### WHAT IS REQUIRED
Return only the stretch of the material below that begins with the line containing "Станция уличная в" and ends with the line containing "Theo dữ liệu", exactly; both of those lines belong to it.

### EXERCISE MATERIAL
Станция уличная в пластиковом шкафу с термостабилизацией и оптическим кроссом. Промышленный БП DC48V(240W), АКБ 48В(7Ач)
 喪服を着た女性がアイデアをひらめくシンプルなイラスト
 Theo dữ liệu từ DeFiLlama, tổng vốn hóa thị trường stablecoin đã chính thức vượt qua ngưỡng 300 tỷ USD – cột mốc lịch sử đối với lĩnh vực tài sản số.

--

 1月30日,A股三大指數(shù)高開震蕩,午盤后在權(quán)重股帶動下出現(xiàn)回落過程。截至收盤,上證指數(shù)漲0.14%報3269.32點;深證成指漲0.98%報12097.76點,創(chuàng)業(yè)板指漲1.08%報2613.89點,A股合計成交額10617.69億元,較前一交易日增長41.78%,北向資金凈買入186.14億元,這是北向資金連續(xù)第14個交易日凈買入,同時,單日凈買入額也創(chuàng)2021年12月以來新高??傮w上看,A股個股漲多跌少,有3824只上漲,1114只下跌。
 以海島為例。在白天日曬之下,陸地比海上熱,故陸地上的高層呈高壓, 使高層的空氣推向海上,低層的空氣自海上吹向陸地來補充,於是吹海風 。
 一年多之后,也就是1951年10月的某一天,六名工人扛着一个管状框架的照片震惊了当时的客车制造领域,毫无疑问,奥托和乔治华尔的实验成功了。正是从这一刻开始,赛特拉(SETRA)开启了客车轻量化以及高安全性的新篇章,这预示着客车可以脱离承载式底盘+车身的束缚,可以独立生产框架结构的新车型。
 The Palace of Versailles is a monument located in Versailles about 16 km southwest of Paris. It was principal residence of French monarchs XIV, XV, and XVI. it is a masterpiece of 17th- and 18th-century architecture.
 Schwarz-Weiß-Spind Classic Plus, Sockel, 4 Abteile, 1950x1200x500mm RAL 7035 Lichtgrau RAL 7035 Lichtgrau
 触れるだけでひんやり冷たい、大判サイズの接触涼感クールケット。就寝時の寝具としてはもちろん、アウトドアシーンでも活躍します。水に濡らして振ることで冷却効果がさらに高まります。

### SOLUTION TO THE EXERCISE
Станция уличная в пластиковом шкафу с термостабилизацией и оптическим кроссом. Промышленный БП DC48V(240W), АКБ 48В(7Ач)
 喪服を着た女性がアイデアをひらめくシンプルなイラスト
 Theo dữ liệu từ DeFiLlama, tổng vốn hóa thị trường stablecoin đã chính thức vượt qua ngưỡng 300 tỷ USD – cột mốc lịch sử đối với lĩnh vực tài sản số.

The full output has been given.